Yargılama aşamasında taraflardan her biri, yapmış olduğu usul işlemlerini kısmen veya tamamen ıslah edebilir. Kural olarak ıslah işlemi harca tabi bir işlem olup; ıslah edilen husus, değer artırımı ise nispi tarifeye göre hesap edilen harç, değilse maktu harç yatırılmalıdır. Davacı taraf, 492 sayılı Kanun kapsamında kendisi harçtan muaf olmadığı gibi, işlemi de yargı
harçlarından müstesna değildir. Davacının yargı harçlarını ödeme yükümü altında olduğu anlaşıldığına göre, ıslah edilen dava değeri üzerinden nisbi tarifeye göre ıslah harcı ödenmedikçe eldeki davaya devam etme olanağı bulunmamaktadır. Davalı taraf harçtan muaf olsa dahi ıslah harcının alınması gerekir. Islah edilen miktar yönünden bakiye nispi karar ve ilam harcı ödenmeksizin sonraki işlemlerin yapılmasına olanak bulunmamaktadır.

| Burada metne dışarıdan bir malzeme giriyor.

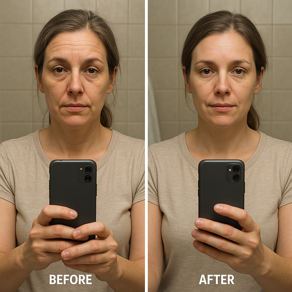 En solo 3 semanas noté mis mejillas más firmes y mis líneas de la frente casi desaparecieron. ¡Estoy fascinada!”

Somut olayda, davacı vekili dava dilekçesinde 1.000.-TL tazminat talebinde bulunmuş, dava niteliği itibariyle nisbi harca tâbi olmasına rağmen, hiç harç yatırmamış, sonra da ıslah dilekçesi ile dava değerini arttırmış ancak ıslah harcını da yatırmamıştır.
Mahkemece, yukarıda açıklanan yasal düzenlemeler ve ortaya konulan ilkeler gözardı edilerek, başvurma ve peşin nisbi harç ve ıslah harcı tamamlanmadan yargılamaya devamla işin esası hakkında hüküm kurulmuştur.
Bu durumda mahkemece; yürürlükteki harçlar tarifesi uyarınca başvurma ve peşin nisbi harç ile ıslah edilen dava değeri üzerinden ıslah harcını ödemesi konusunda davacılara usulünce süre verilip harcı tamamlanan miktar üzerinden hüküm kurulması gerekirken, harcı yatırılmayan dava ve ıslah dilekçesine değer verilerek yazılı şekilde karar verilmesi doğru değildir.
SONUÇ: Yukarıda açıklanan nedenlerle; davalı temsilcisinin temyiz itirazlarının kabulü ile hükmün BOZULMASINA, bozma nedenine göre diğer temyiz itirazlarının bu aşamada incelenmesine yer olmadığına, 18/04/2019 günü oy birliği ile karar verildi.